Should We Have Gone to War?

Iraq, in hindsight.

I said ten days ago that if I had known back then in February 2003 what we know now I would not have counseled war against Iraq. That statement struck some as disloyal to a cause, some others as prime bait for exploitation by such as Senator Kerry. Then on July 12, President Bush gave an enormously illuminating speech to the Y-12 National Security Complex in Oak Ridge, Tennessee, which sheds light on ambient questions. What especially catches the eye is his saying that “Libya is dismantling its weapons of mass destruction and long-range missile programs. This progress came about through quiet diplomacy between America, Britain, and the Libyan government.”

The mind travels immediately to the question: Well, why could not diplomacy have accomplished in Iraq what it accomplished in Libya? But the President keen-wittedly bases the success of Libya on quiet diplomacy to be sure, but quiet diplomacy backed up by our own commitment to “defending the peace by taking the fight to the enemy.” He is contending, in effect, that if it hadn’t been for our military entry into Iraq, Qaddafi might well have continued his development of nuclear weapons. Who can dispositively argue that this analysis is wrong?

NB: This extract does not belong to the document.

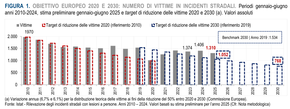 Nel confronto con i primi sei mesi del 2019 — anno di riferimento scelto dalla Commissione Europea per il programma “Road Safety Policy Framework 2021-2030”, che fissa come obiettivo intermedio la riduzione del 50% del numero di vittime e feriti gravi entro il 2030 — si registra un calo contenuto degli incidenti stradali (-1,5%) e dei feriti (-5,0%) e una riduzione più marcata dei decessi (-14,6%).

On that plane, here is one to ponder. A couple of years ago Saddam Hussein could have spent the night in any one of one hundred palaces he kept for his contingent whims. Now he sleeps in a 12 foot by 12 foot cell. What’s going through his mind on the matter of doing things differently?

Obviously Saddam knew he didn’t have a handy supply of weapons of mass destruction. Yet having apparently nothing to lose, he didn’t cooperate with the United Nations search team sufficiently to establish that there were no such weapons in Iraq. So, Mr. Bush and Mr. Cheney—and Tony Blair and other government leaders—declared that he did have those weapons, and we proceeded to war. Not only was Saddam inexplicably circuitous on these (non-existing) weapons, he completely miscalculated the stamina and determination of his Republican Guard, which collapsed and died after three weeks’ exposure to the United States Marines.

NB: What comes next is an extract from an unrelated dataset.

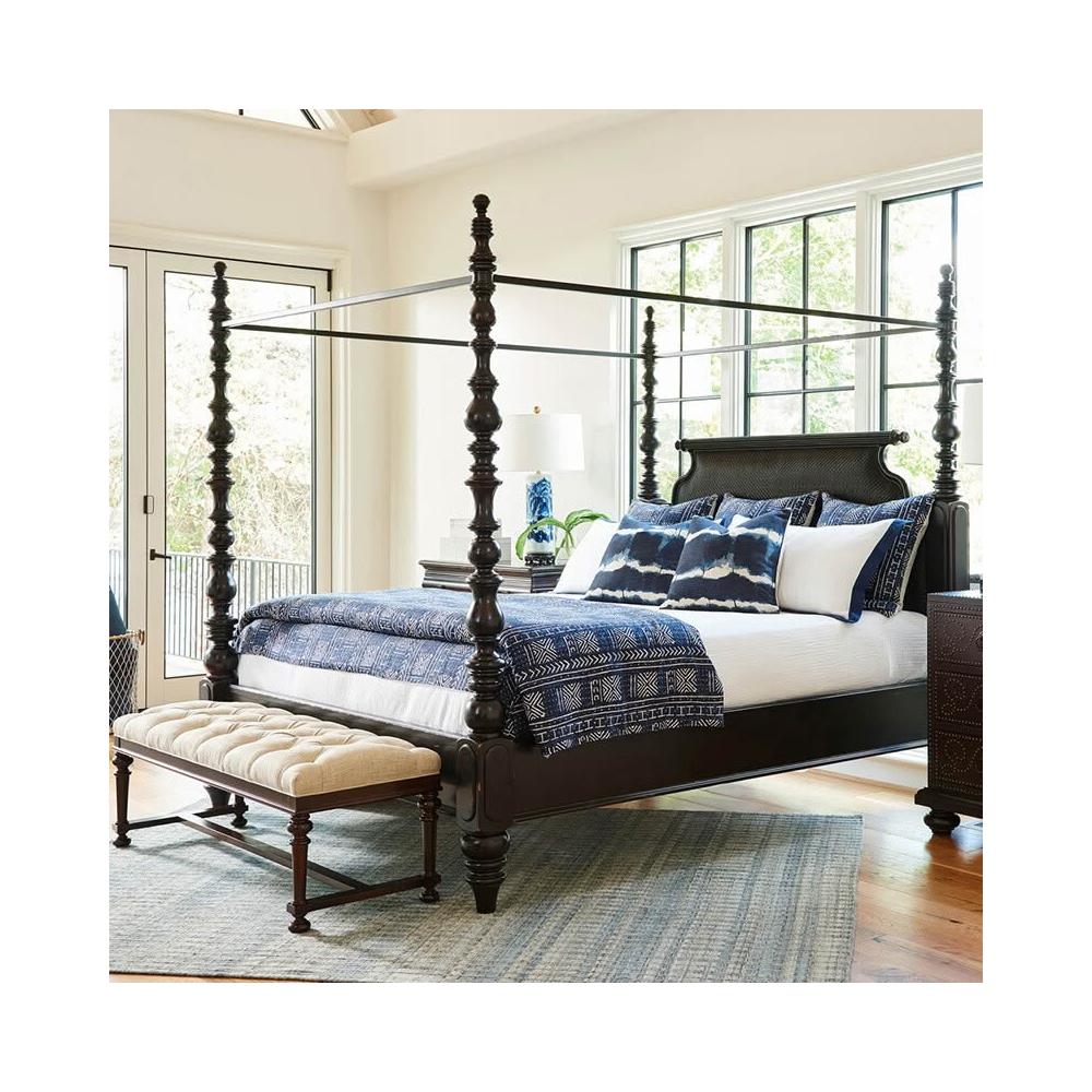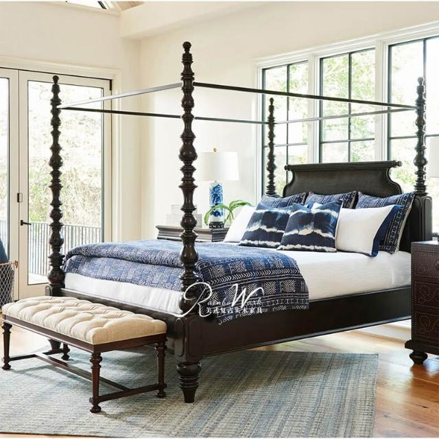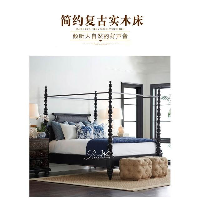美式複古實木床法式雙人床主臥蚊帳架羅馬四柱床歐式別墅民宿家具

Saddam, of all people on earth, must rue the day he acted, or did not act, in time to move in the direction of quiet diplomacy, which by any measurement would have been preferable to his current arrangements.

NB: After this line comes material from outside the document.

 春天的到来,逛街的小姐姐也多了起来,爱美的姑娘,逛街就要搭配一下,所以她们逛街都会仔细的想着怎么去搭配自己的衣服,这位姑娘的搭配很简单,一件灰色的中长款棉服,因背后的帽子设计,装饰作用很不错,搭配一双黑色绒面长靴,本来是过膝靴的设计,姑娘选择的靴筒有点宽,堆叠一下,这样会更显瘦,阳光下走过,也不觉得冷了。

An open question: If the commander-in-chief has evidence satisfying to his intelligence systems (and to those of the British, the French, the Germans, and the Russians) that a dictator who has used such weapons before — and has twice invaded neighboring countries — has such weapons now, is there a reasonable alternative to military action? Not in the judgment of those who believe the president must act on the most cautious probabilities. If later in the day, after the fighting has ended, one learns that the weapons weren’t in fact there, how does this discredit the thinking that took him to war on the assumption that they were there?

Reason fortifies the two positions: l) that we should have gone to war, and 2) that we need not have gone to war.

The single missing component here is what was implied in President Bush’s speech to the National Security Complex: that a dramatic show of U.S. military strength was necessary to fortify the U.S. presence in the world. If it is true that Qaddafi came around because of what he had seen in Iraq, that point is carried. It is strengthened further by reasoning that North Korea may have been terminally persuaded not to proceed on an apocalyptic course by reason of the fate of Saddam Hussein.

This does not vindicate the war as we have engaged in it. Knocking off Saddam Hussein was one challenge. A second was to devolve the responsibility for rebuilding Iraq politically. This we now know keenly should have been done by others, with support from the United States. This point the president will need to focus on in the days ahead.